In extremely rare cases, a large gallstone can become impacted in Hartmann's pouch. The stone may then ulcerate through the gallbladder and compress the adjacent common bile duct, leading to a picture of obstructive jaundice. This phenomenon is referred to as Mirizzi syndrome.
In simple biliary colic, the peritoneum is not inflamed and there are no systemic features of disease. Therefore, patients will be afebrile and the Murphy’s sign (respiratory arrest during the inspiratory phase on deep palpation of the right upper quadrant as the inflamed gallbladder makes contact with the examiner’s hand) will be negative. An ultrasound assessment of the abdomen is likely to reveal calculi within the gallbladder. Plain radiography is only useful in the 10 - 20% of cases with radiopaque gallstones.
Complications of cholelithiasis
The primary sequelae of cholelithiasis are acute and chronic cholecystitis (discussed below). It is also possible for a small enough stone to pass through the cystic duct and become obstructed in the common bile duct, causing secondary choledocolithiasis. These stones may migrate further and cause obstruction at the hepatopancreatic duct and result in gallstone pancreatitis.
Cholecystoenteric fistula formation has been noted as complication of a large gallstone. After the stone erodes into the adjacent loops of bowel, it can pass into the small intestines and result in Bouveret syndrome (gastric outlet obstruction due to pyloric, or proximal duodenal obstruction by the gallstone) or gallstone ileus.

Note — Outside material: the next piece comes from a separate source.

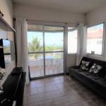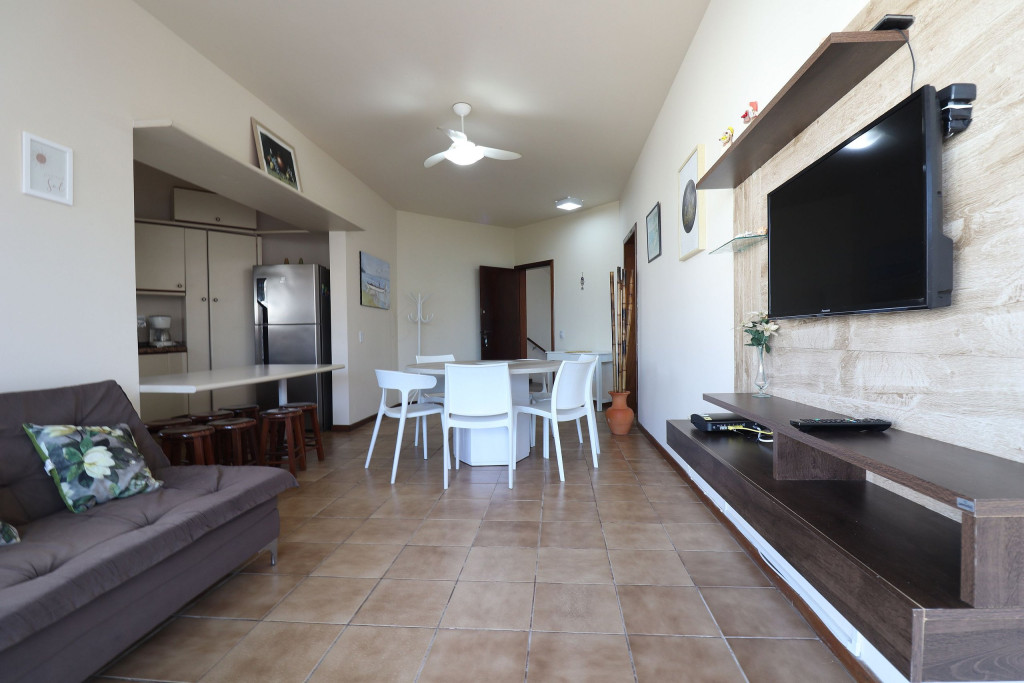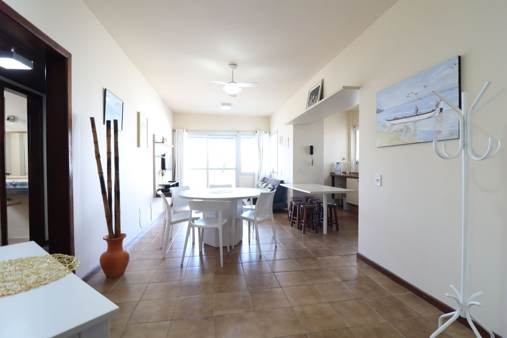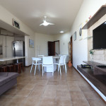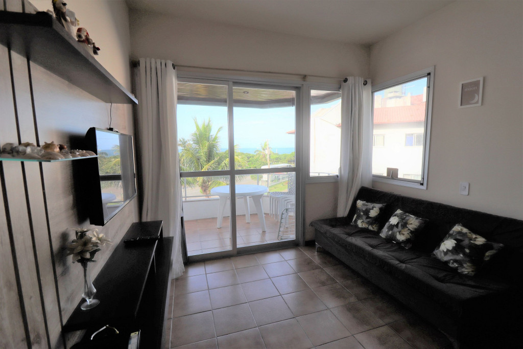 Belo apartamento, à 30 metros da praia, composto por dois dormitórios, sendo uma suíte com cama de casal, um quarto com uma beliche, uma cama de solteiro e uma cama auxiliar, banheiro social, vista lateral para o mar e cozinha. Possui uma vaga de garagem estendida que comporta dois carros. Conta com ar condicionado nos dois quartos, wi-fi, SmartTV que possui acesso a internet, NÃO possui tv à cabo.

Inflammation of the gallbladder (cholecystitis) is a well-documented complication of cholelithiasis (i.e. acute calculous cholecystitis). However, there are also scenarios where inflammation occurs in the absence of gallstones (i.e. acalculous cholecystitis). It can be classified as acute, chronic, or acute on chronic (chronic cholecystitis with episodes of acute exacerbation).
Risk Factors of Cholecystitis
Symptomatic cholelithiasis is a known risk factor for developing calculous cholecystitis. Therefore, they share the same ethnic, gender, age, and environmental risk factors.
On the other hand, acalculous cholecystitis is associated with a different set of risk factors. It is more common in patients who are critically ill, or have undergone major surgery. There is also a predilection for developing acalculous cholecystitis in burns patients and those on prolonged total parenteral nutrition, as well as extended fasting. Diabetes mellitus and AIDS defining illnesses such as cryptosporidiosis and cytomegalovirus have also been linked to acalculous cholecystitis.
|Calcalous cholecystitis||Symptomatic cholelithiasis|
|Acalcalous cholecystitis||Critical illness, surgery, burns, prolonged total parenteral nutrition, extended fasting, diabetes mellitus, AIDS|
The symptoms of biliary colic are also present with acute calculous cholecystitis, but with increased intensity and duration. There is usually an aversion to eating, as this tends to precipitate symptoms. Patients will also be febrile, and Murphy’s sign will be positive. Additionally, Boas’ sign (increased sensitivity inferior to the right scapula) may also be demonstrated. A complete blood count may also reveal a leucocytosis. Patients often present on a spectrum ranging from sudden onset of severe symptoms that warrant surgical intervention, to mild symptoms that may resolve without treatment. However, recurrence is inevitable in the absence of surgical intervention.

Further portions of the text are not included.